Atos dos Apóstolos: Este livro – segunda parte da mesma obra lucana - nos mostra a Maria
presente nas raízes da primeira comunidade cristã, perseverante na oração e unida aos
discípulos de seu Filho. Presente como a mãe, a irmã, a companheira, a discípula e mestra
de um movimento organizado por seu filho Jesus, movimento cujas raízes históricas têm
por núcleo o anúncio da presença do reino em meio aos pobres, aos pecadores, aos gentios,
aqueles que estão longe e perdidos, pero igualmente daqueles que estão perto, mas privados
de todo reconhecimento por parte do poder estabelecido.
João: O quarto evangelho apresenta a Maria em duas ocasiões: a primeira é nas bodas de
Caná (Jo 2, 1-11), quando Jesus realiza, por sua intercessão, o primeiro de seus sinais,
transformando a água em vinho. A fé de Maria gesta e dá à luz a fé da nova era messiânica
e inaugura o tempo do novo povo, da comum comunidade do reino, onde a pobre e
desprezada Caná da Galiléia passa a ser lugar de manifestação da glória de Deus. O
segundo episódio é ao pé da cruz, no momento da morte de Jesus, onde ele lhe entrega o
discípulo amado como filho (cf. Jo 19, 36). Na esteira das grandes figuras femininas e
maternas do Antigo Testamento (Débora, a mãe dos Macabeus e outras), Maria aparece
como mãee da nova comunidade de homens e mulheres que são seguidores de Jesus porque
creram em sua Encarnação, vida, morte e ressurreição. Maria é aí a Mulher segundo a
glória de Deus manifestada em Jesus Cristo. No momento em que o Filho de Deus entrega
seu Espírito (pneuma), o evangelho de João coloca a Maria , no centro mesmo desse
acontecimento de salvação trazida por Jesus Cristo. Ela é aí o símbolo do povo que
acolherá a mensagem do reino e a plenitude dos tempos messiânicos.

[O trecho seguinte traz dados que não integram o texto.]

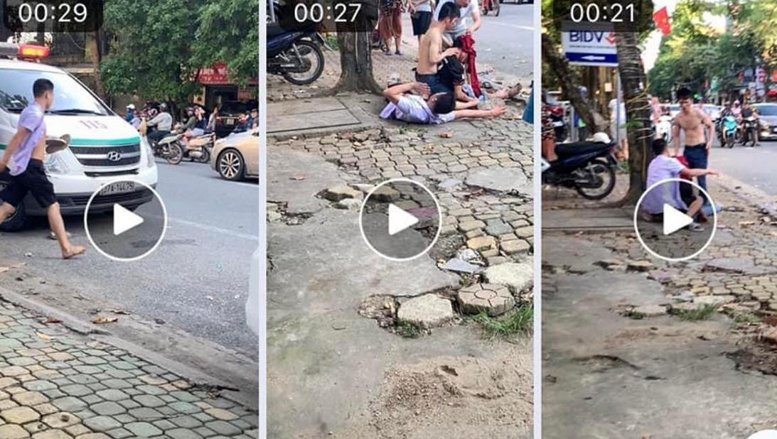 Một người đàn ông khác đứng cạnh đó cũng bị viên gạch văng trúng gây choáng váng và gục xuống vỉa hè.
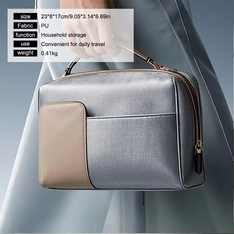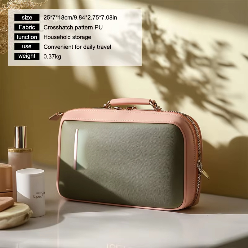 Grazie ai suoi numerosi scomparti e alla disposizione intelligente, questa borsa offre ampio spazio per tutto il trucco, gli articoli da toeletta e altri piccoli oggetti essenziali. Puoi organizzare facilmente il fondotinta, il rossetto, il mascara, lo spazzolino da denti e altri prodotti negli spazi designati. La versatilità della borsa la rende non solo un organizer per cosmetici, ma anche una borsa da toilette, rendendola una soluzione all-in-one ideale per chiunque sia in movimento.
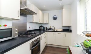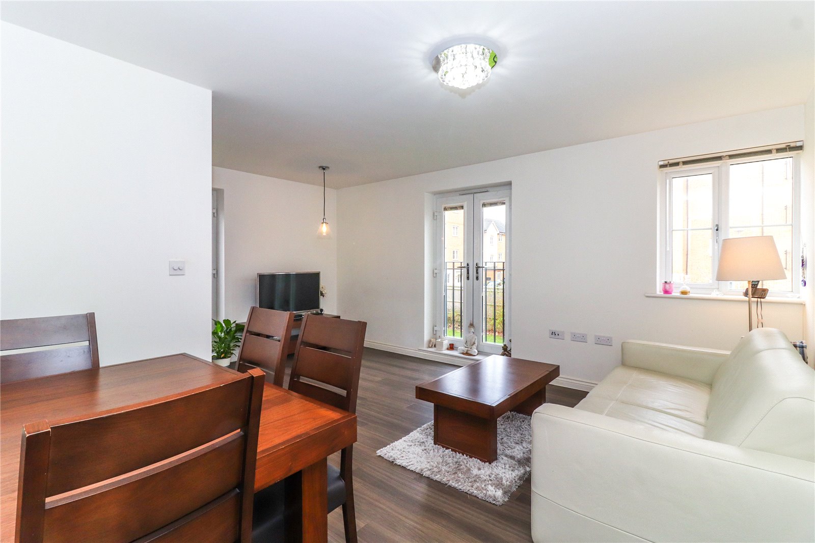 Immaculately presented two double bedroom, two bathroom first floor apartment built approximately 7 years ago on this attractive development. The current owners have maintained the flat beautifully and have added a number of additional features such as high quality fitted wardrobes to both bedrooms, and Amtico flooring. Another striking feature is the open views to the front over open playing fields and to the side, a lawned communal garden plus one allocated parking space.
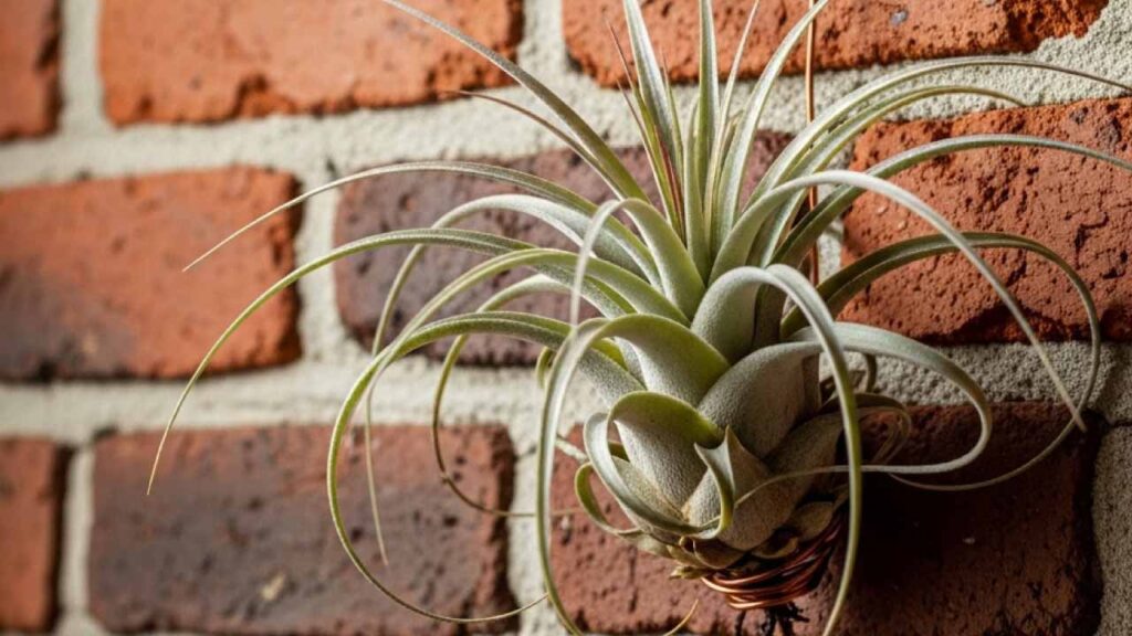 Tillandsia ionantha attached to exposed brick wall with copper wire,
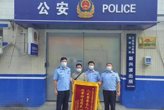 7月23日9时许,许昌市公安局魏都分局辖区两名群众一起举着“人民警察为人民、破案神速得民心”锦旗来到许昌市公安局魏都分局新兴派出所,对民警在一天内迅速破案,挽回他们的经济损失表达了发自内心的感谢之情。
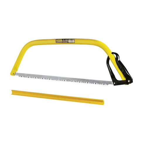 - Изделие от Stanley Raker Tooth. Оно отменно подойдет для проведения работ с не очень большими заготовками из дерева. Сечение рамы из стали в виде овала гарантирует данному изделию повышенную стойкость. Здесь присутствует рычаг, с помощью которого можно качественно натянуть полотно и быстро его сменить, если это будет необходимо. Сделана пила из особого вида стали – закаленной. Зубцы здесь будут иметь форму, которая в обиходе именуется американской – для них не нужно затачивание или постоянный уход. Данный инструмент прекрасно справляется с сухой древесиной и совершенно свежими материалами.
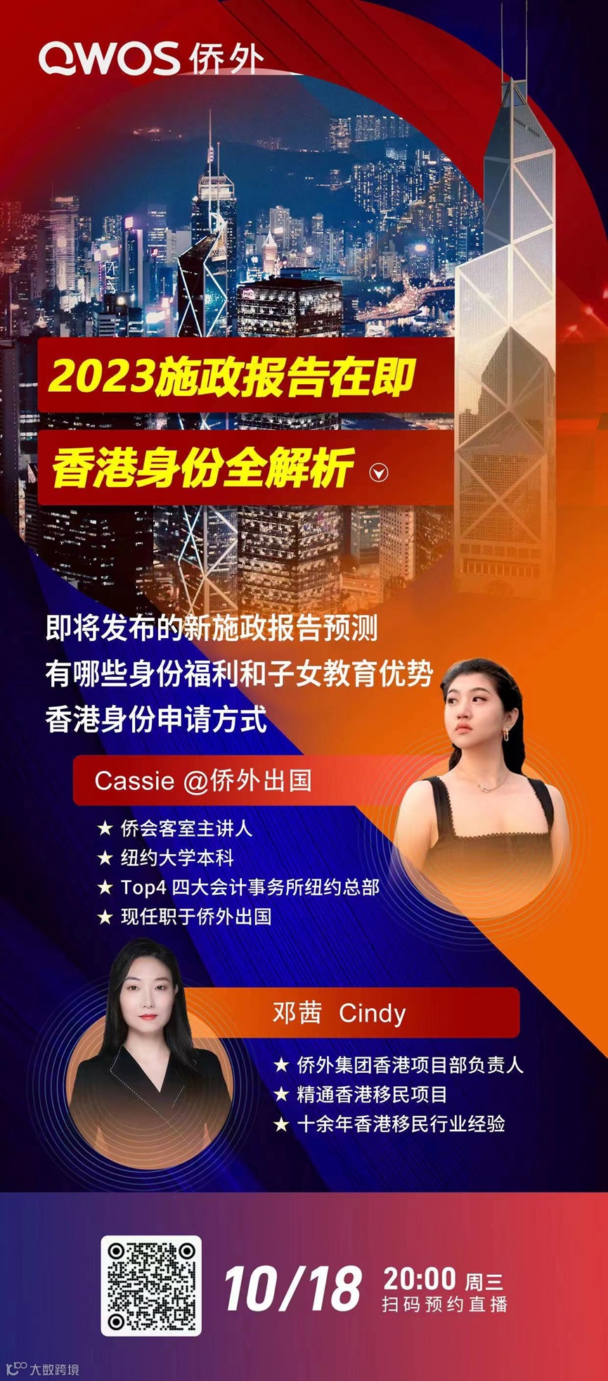 想了解更多的朋友,欢迎咨询侨外香港身份专家。有兴趣的朋友,也欢迎扫描下方二维码预约报名今晚8点的香港线上直播活动,我们的专家将为您详细讲解香港身份的方方面面,也将在现场为您答疑解惑!
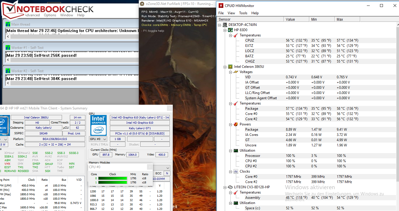 Abbiamo testato le prestazioni del Celeron 3865U utilizzando il benchmark multi-thread Cinebench R15 su un loop di trenta minuti. Il mt21 si è comportato allo stesso livello in modo coerente senza calo di prestazioni anche verso la fine del benchmark.

Apocalipse: No capítulo 12 do Apocalipse aparece uma mulher vestida de sol e coroada
de estrelas, com dores de parto, lutando contra o dragão. Sua vocação é a vitória, é ser
esposa do cordeiro. Seu lugar é a nova cidade, a nova Jerusalém, onde se reunirão
finalmente todos aqueles e aquelas que cumprem os mandamentos de Deus e guardam o
testemunho de Jesus. O povo de Deus perseguido e mártir é quem leva consigo a prenda da
vitória de Jesus. Maria é, pois, em muitas interpretações, identificada como essa mulher de
Ap 12, figura da fé humilde e laboriosa do povo que sofre e crê no Salvador Crucificado,
sem perder a esperança. É, também, a figura de uma Igreja perseguida pelo mundo, pelas
forças do anti-reino e pelos poderosos e opressores de toda sorte que, como o dragão
descrito no Apocalipse, querem «devorar» os filhos e a descendência da mulher, querem
devorar o projeto do reino, tudo o que é vida e liberdade para o povo, tudo o que é fruto
maduro das entranhas fecundas da mulher. O novo povo de Deus, do qual Maria é símbolo
e figura, é o «sinal», que aparece no céu e na terra, de que à descendência da mulher-Eva
foi dada a graça e o poder de triunfar sobre a serpente mediante a descendência da mulher-
María, de cuja carne o Espírito formou a encarnação de Deus; da mulher-povo de Deus, de
cujo seio brotou a salvação e a comunidade daqueles que cumprem os mandamentos de
Deus e guardam o testemunho de Jesus.